[Directions for this task] Begin at the line containing "值得注意的是,7月26日,长" and give again every line to the end of the records, exactly, without the pictures.
Start of Data for review
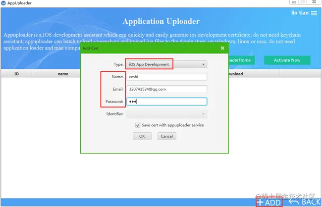 如此就可以登录Appuploader,创建ios测试证书了。
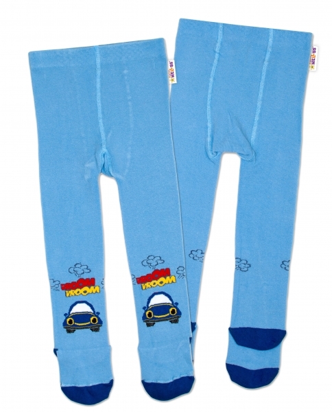 Baby Nellys Bavlněné punčocháče Autíčko - modré, vel. 104/110
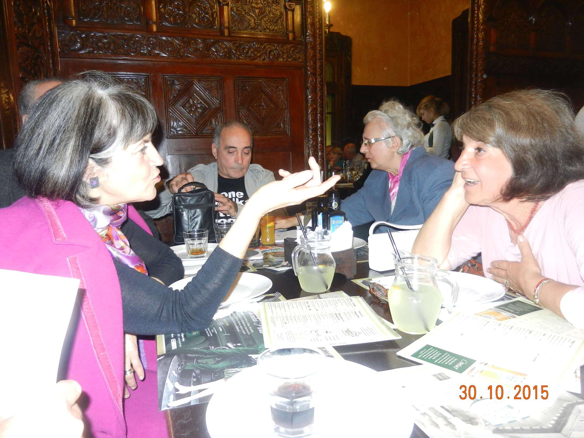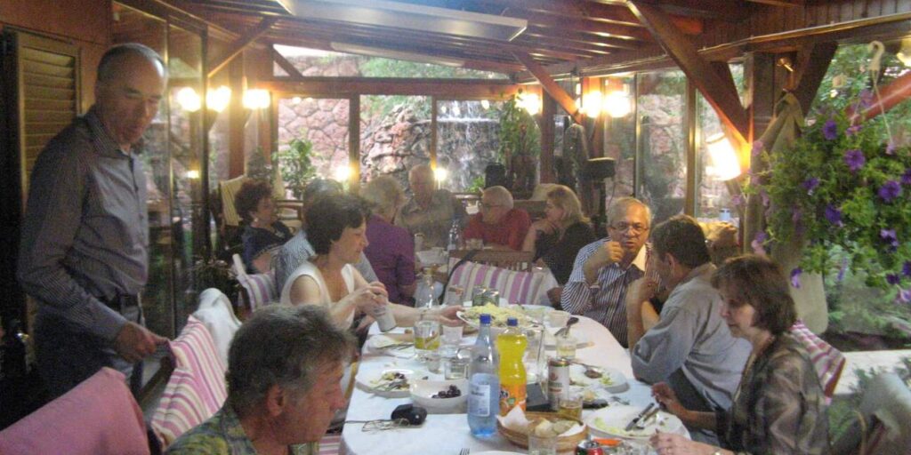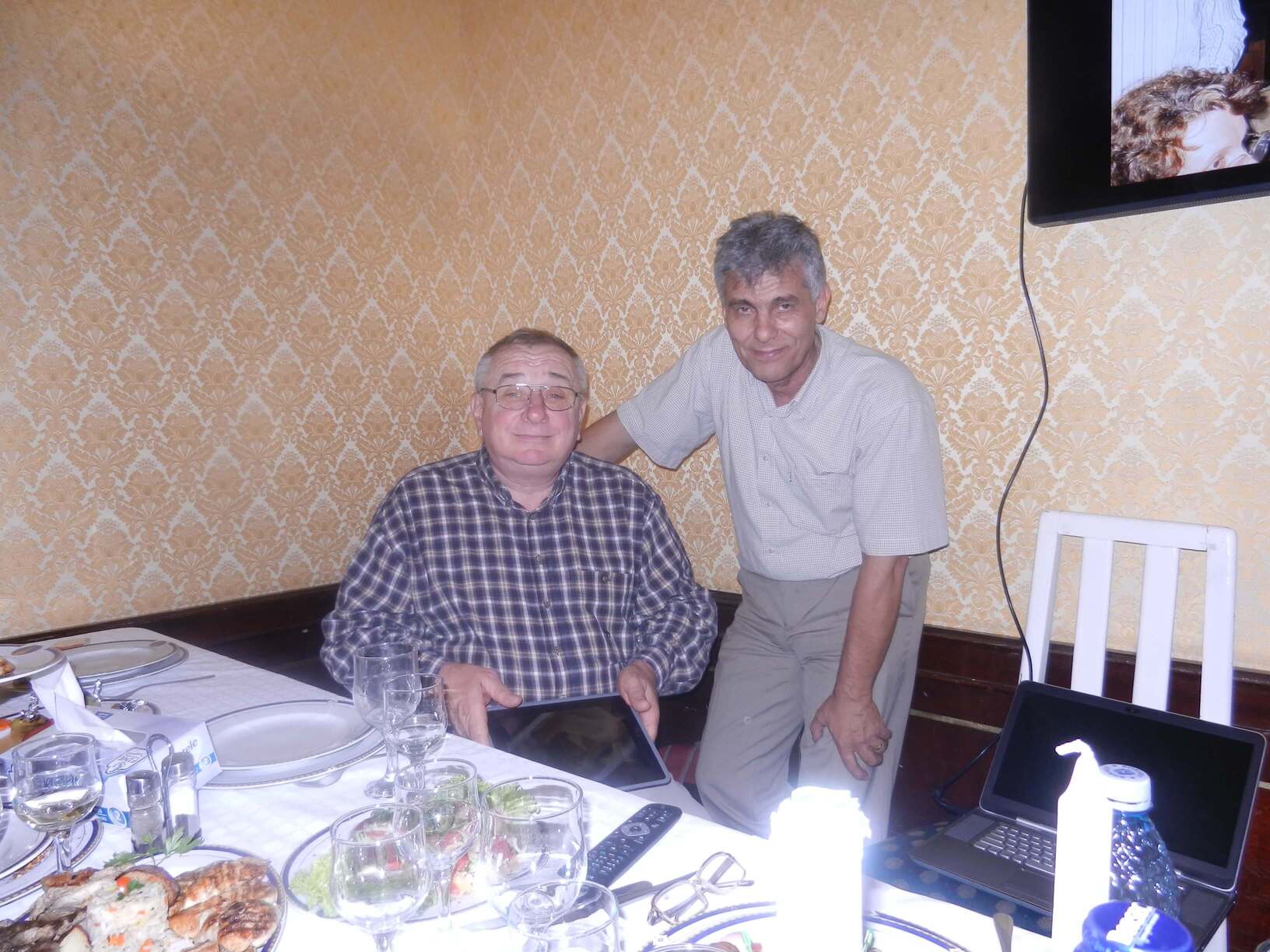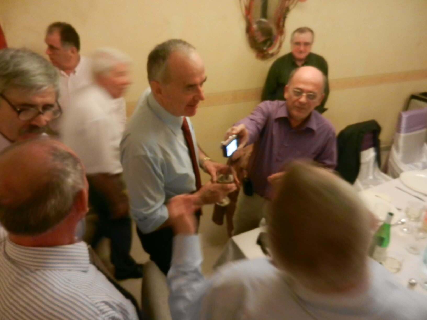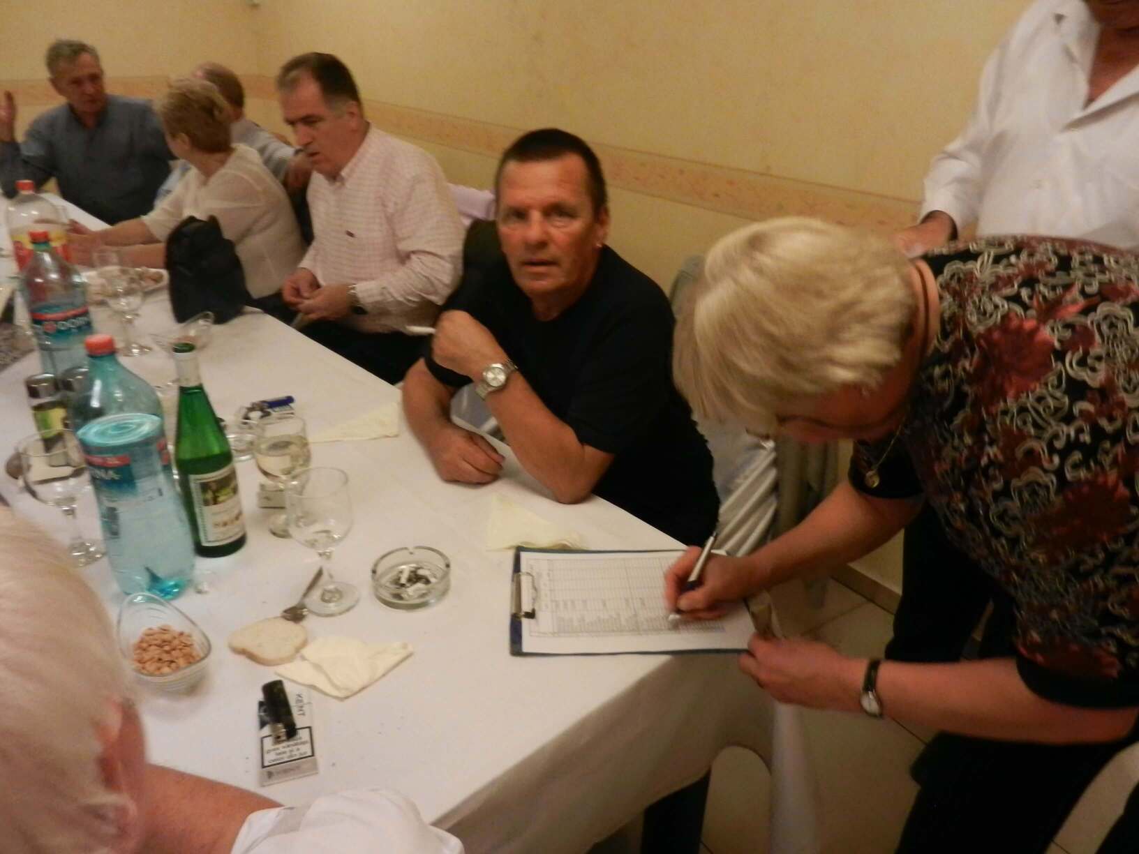 Participare numeroasă. Probabil ca urmare a timpului mai lung de la ultima întâlnire sau a mobilizării eficiente. Sala de la restaurant a fost cam mică și am stat cam înghesuiți. Pe parcurs ne-am adaptat. Am fost cu toți mobili și au fost create spații. Cântece de petrecere din vremuri de demult. Echipa grea cu Tache, eternul Tache, prim solist, Gică Iorga solist, armonie percuție, clape și ce mai e nevoie, Barbu Mihai și Gheorghiu din partea producătorului, Dopan Silviu de la finanțator (se observă evident în imagini) și Bulache Ungureanu, regizorul, care o cam luase pe ulei. Doxan Gabriel, Gigi Diaciuc, Ilie Pravă, Tuță Marin (termina ce mai avea de mâncat ) și Am trecut la amintiri și cântecele noastre. Au rămas băieții de cursă lungă. Cu puțină viteză luată de la vinul restaurantului și in special de la cel adus de noi am început să ne amintim de cântările pe care le făceam in vremea studenției. Tică Tache făcea eforturi de mobilizare la cântat. Cam greu cu noi.
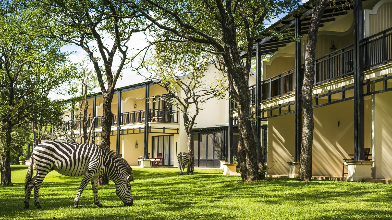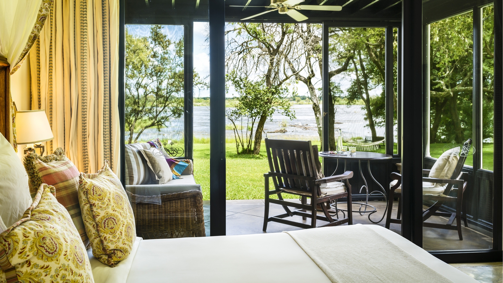 Set just a short walk away from the falls themselves on the banks of the Zambezi, one can admire the coil of steam and spray rising from the falls on the horizon.
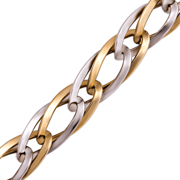 Браслет всегда будет незаменимым предметом, если его правильно преподнести. Украшение которое привлекло ваше внимание и несомненно понравится и всем окружающим. Простота и гармония двух металлов – так можно охарактеризовать данное ювелирное изделие. Большие кольца в плетении, подчеркнуть женственность нежность дамы, которая будет его носить.
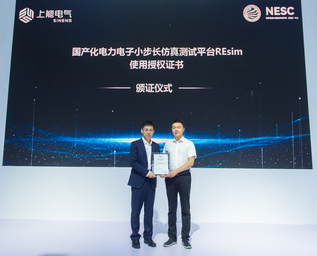 近日,上能电气获得由中国电科院国家能源太阳能发电研发(实验)中心授予的“国产化电力电子小步长仿真测试平台REsim”使用授权证书。这是电科院向国内逆变器厂家颁发的首张REsim使用授权资质,标志着上能电气技术研发、产品创新服务水平再迈新台阶。
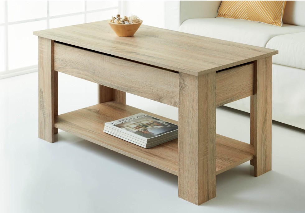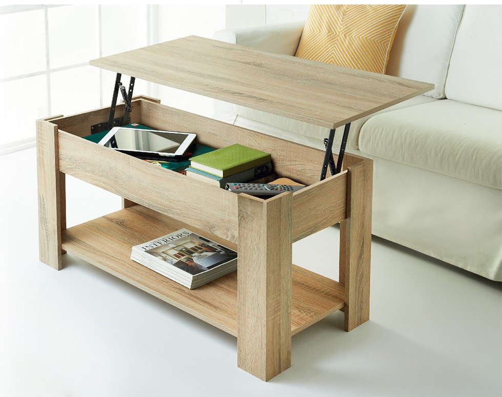 Klubska mizica OLIN je zelo priročna in funkcionalna, saj ima dvižno ploščo in pod njo predal za shranjevanje.
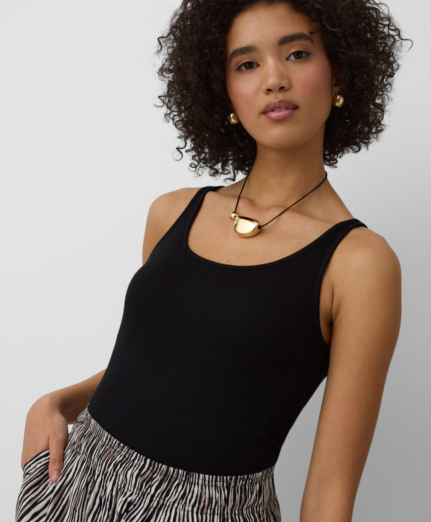 Setul de 2 maiouri pentru femei cu dungi completează perfect garderoba. Combinația de culori alb și negru îl face indispensabil. Materialul elastic se așază frumos și permite pielii să respire. Fiecare piesă se potrivește cu jeanși, pantaloni scurți sau pantaloni eleganți.
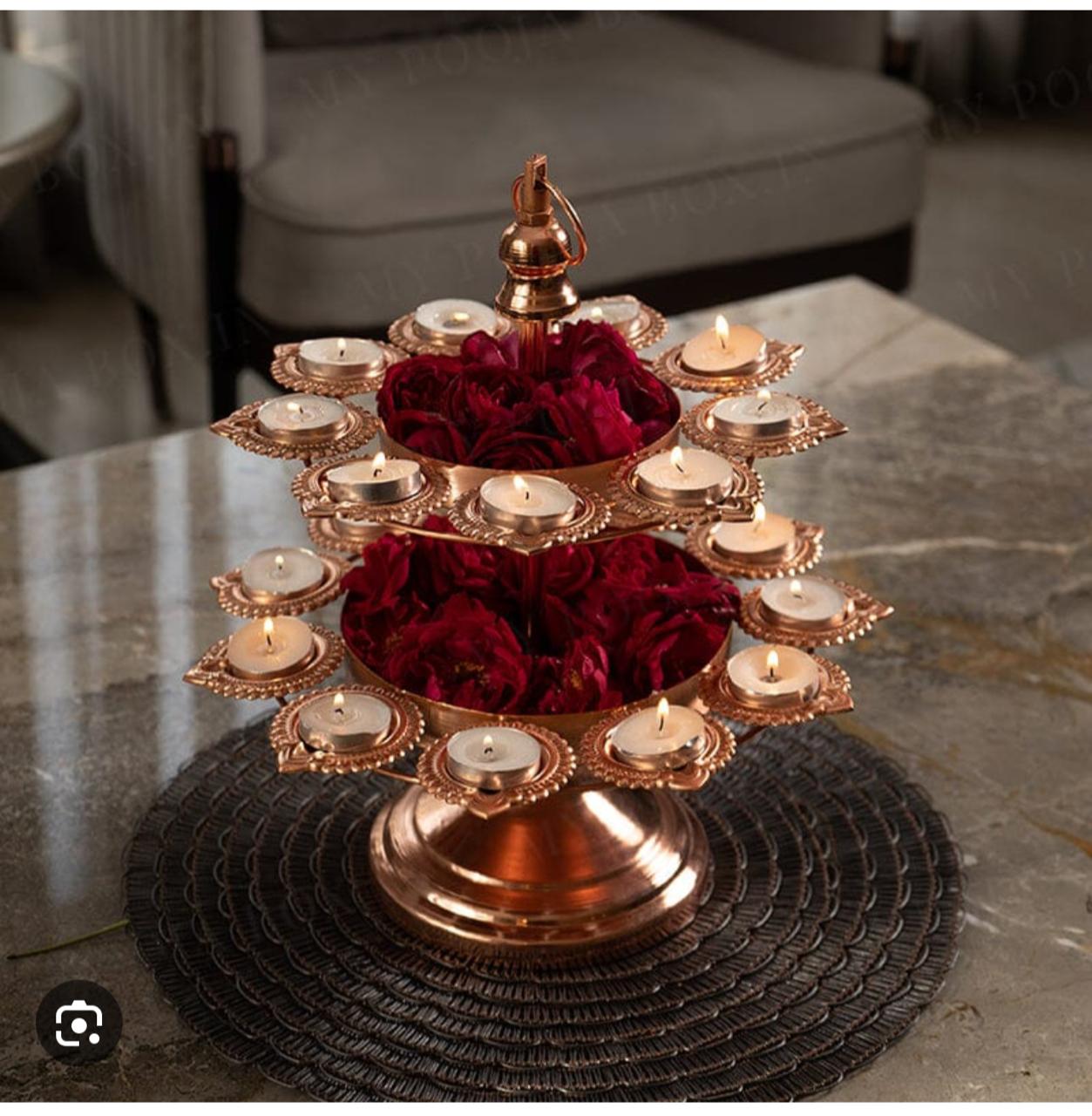 The multi-layer diya urli stand is a beautiful and practical way to display diyas, or oil lamps, during festivals and special occasions. It consists of multiple layers arranged in a stand, allowing you to place several diyas at different heights. Made with sturdy materials, it provides stability and ensures safety while lighting diyas. Whether it’s for Diwali, weddings, or other celebrations, this stand adds elegance and charm to your decorations. You can place it on tables, mantles, or even on the floor to create a stunning focal point in your home. With its intricate design and ability to hold multiple diyas, it brings a warm and inviting ambiance to any space. Elevate your festive decor with the multi-layer diya urli stand, making your celebrations even more memorable and beautiful.
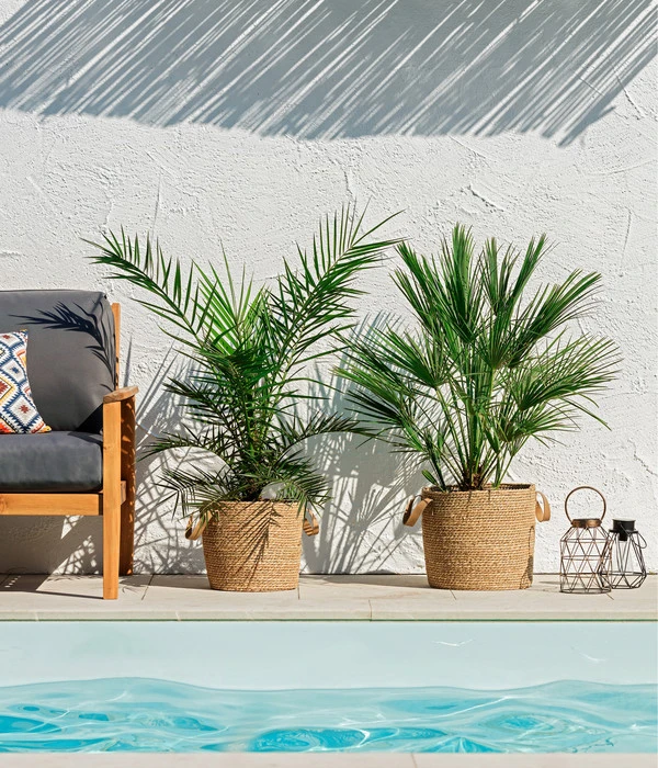 Vielleicht geht es Ihnen so wie vielen anderen: Beginnt die XXL Kanarische Dattelpalme ihr exotisches Flair zu verbreiten, wächst die Lust auf noch mehr Urlaubs-Feeling. Eine Lust, die wir stillen können, denn wir haben noch andere beeindruckende Outdoor-Palmen im Angebot. Da sind zum Beispiel die stattlichen Hanfpalmen oder die dekorativen Zwergpalmen, die gerne zusammen mit der Kanarischen Phönix-Palme Ihren Outdoor-Bereich in ein exotisches Urlaubsparadies verwandeln.
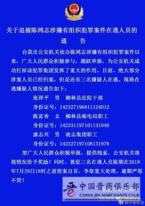 值得注意的是,7月26日,长治市公安局又发布追捕陈鸿志三名涉嫌有组织犯罪案件在逃人员的通告,其中显示,除一人是凌志集团职工外,另外两人均非凌志集团职工,分别为柳林县法院干部张泽平,柳林县邮电局职工陈富香。
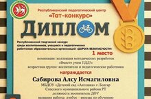 Наш педагог Сабирова Алсу Исмагилловна получила диплом за 1 место за участие в Республиканском конкурсе по ПДД.
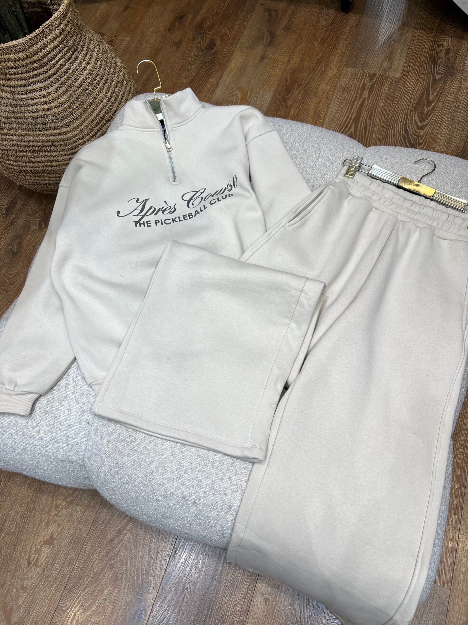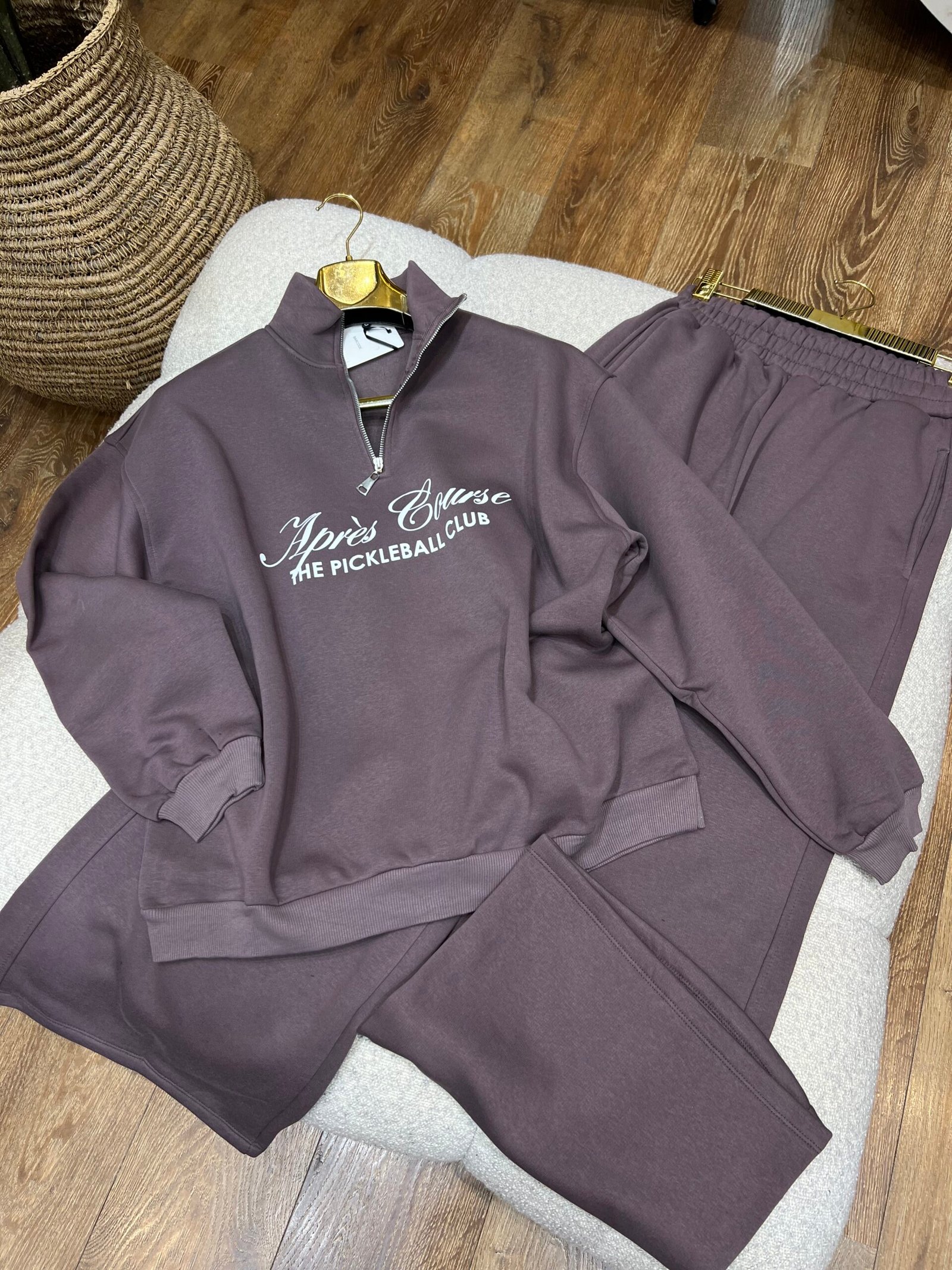Set komod dhe modern me pulovër me gjysmë-zinxhir dhe pantallona sportive, i përshtatur për një pamje casual dhe të kuruar gjatë ditës. Pulovra ka printim të përparmë që shton stil dhe veçanti, ndërsa prerja e lirshme garanton rehati maksimale. Pantallonat me bel elastik dhe formë praktike janë ideale për përditshmëri, udhëtime dhe momente relaksi.
End of Data for review
[Output of the task]
 值得注意的是,7月26日,长治市公安局又发布追捕陈鸿志三名涉嫌有组织犯罪案件在逃人员的通告,其中显示,除一人是凌志集团职工外,另外两人均非凌志集团职工,分别为柳林县法院干部张泽平,柳林县邮电局职工陈富香。
 Наш педагог Сабирова Алсу Исмагилловна получила диплом за 1 место за участие в Республиканском конкурсе по ПДД.
Set komod dhe modern me pulovër me gjysmë-zinxhir dhe pantallona sportive, i përshtatur për një pamje casual dhe të kuruar gjatë ditës. Pulovra ka printim të përparmë që shton stil dhe veçanti, ndërsa prerja e lirshme garanton rehati maksimale. Pantallonat me bel elastik dhe formë praktike janë ideale për përditshmëri, udhëtime dhe momente relaksi.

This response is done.